Abstract:
A fuel injector for fuel injection systems of internal combustion engines, in particular for direct injection of fuel into the combustion chamber of an engine, including an actuator, a valve needle which is mechanically linked to the actuator and is acted upon by a restoring spring in a closing direction, for actuation of a valve closing body, which together with a valve seat face forms a sealing seat, and including a sleeve which pre-stresses the restoring spring. An adjusting body is situated adjustably in the sleeve so that a fuel amount flowing through the fuel injector per unit of time is a function of the position of the adjusting body in the sleeve.

Description:
CROSS-REFERENCE TO RELATED APPLICATIONS 
     The present application is a continuation of U.S. patent application Ser. No. 10/089,668 filed on Aug. 21, 2002 now U.S. Pat. No. 7,429,007, which was a national-phase application based on international application PCT/DE01/02705 filed on Jul. 18, 2001, each of which is expressly incorporated herein in its entirety by reference thereto. 
    
    
     FIELD OF THE INVENTION 
     The present invention is related to a fuel injector and a method of adjusting a fuel injector. 
     BACKGROUND INFORMATION 
     German Published Patent Application No. 40 23 828 discusses a fuel injector and a method of adjusting a fuel injector. To adjust the amount of fuel to be delivered during the opening and closing operation of the electromagnetically operable fuel injector, a magnetically conductive material, e.g., in the form of a powder which alters the magnetic properties of the internal pole is introduced into a blind hole, and thus the magnetic force is varied until the actual measured flow rate of the medium corresponds to the predetermined setpoint flow rate. 

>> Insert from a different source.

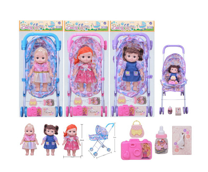 Cadrul landoului este construit din metal rezistent, oferind o stabilitate superioară și o durabilitate crescută față de modelele standard din plastic. Căruciorul dispune de o capotină reglabilă și o husă textilă cu imprimeuri moderne, fiind totodată dotat cu un mecanism de pliere rapidă pentru o depozitare eficientă. Păpușa inclusă are un aspect realist, fiind însoțită de accesorii esențiale precum biberon, suzetă sau tacâmuri, permițându-le copiilor să simuleze întreaga rutină de îngrijire: plimbare, hrănire și somn. Cu o înălțime a mânerului adaptată de 55 cm, acest set este perfect proporționat pentru copii, reprezentând o soluție strategică pentru vânzarea angro datorită prezentării de tip „totul într-un singur pachet”.
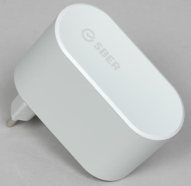 Дизайн у БП простой и приятный, за счет отсутствия острых углов он выглядит легким и компактным. На внешнюю панель нанесен логотип «Сбера».

     Similarly, German Published Patent Application No. 40 23 826 discusses the insertion of an equalizing bolt into a blind hole of an internal pole including a recess on its periphery, inserting it to the extent that the actual measured amount corresponds to the predetermined setpoint amount, and thus varying the magnetic force until this is achieved. 

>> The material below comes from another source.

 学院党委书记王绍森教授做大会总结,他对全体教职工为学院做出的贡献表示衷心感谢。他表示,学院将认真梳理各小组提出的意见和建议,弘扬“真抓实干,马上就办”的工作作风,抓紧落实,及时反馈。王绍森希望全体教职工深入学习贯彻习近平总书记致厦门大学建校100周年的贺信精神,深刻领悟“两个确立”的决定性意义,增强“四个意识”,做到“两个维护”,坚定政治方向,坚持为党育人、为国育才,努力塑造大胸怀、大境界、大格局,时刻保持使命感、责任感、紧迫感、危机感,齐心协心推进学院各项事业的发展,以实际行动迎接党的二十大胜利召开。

     German Patent Published Application No. 195 16 513 also discusses a method of adjusting the dynamic flow rate of a fuel injector. In this case, an adjusting element situated close to the magnetic coil outside the flow path of the medium is adjusted. In doing so, the size of the magnetic flux in the magnetic circuit, and thus the magnetic force, changes, so it is possible to influence and adjust the flow rate. The adjustment may be performed with when the fuel injector is either wet or dry. 
     German Patent Published Application No. 42 11 723 discusses a fuel injector and a method of adjusting the dynamic flow rate of the medium of a fuel injector, in which an adjusting sleeve including a longitudinal slot is pressed into a longitudinal bore in a connection piece up to a predetermined depth, the dynamic actual flow rate of medium of the injector is measured and compared with a setpoint flow rate of medium, and the pressed-in adjusting sleeve which is under a tension acting radially is advanced until the actual measured flow rate of the medium matches the predetermined setpoint flow rate of the medium. 
     In German Published Patent Application No. 44 31 128, to adjust the dynamic flow rate of medium of a fuel injector, the valve housing undergoes deformation due to the action of a deformation tool on the outer perimeter of the valve housing. This changes the size of the residual air gap between the core and the armature, and thus the magnetic force, so that it is possible to influence and adjust the flow rate of medium. 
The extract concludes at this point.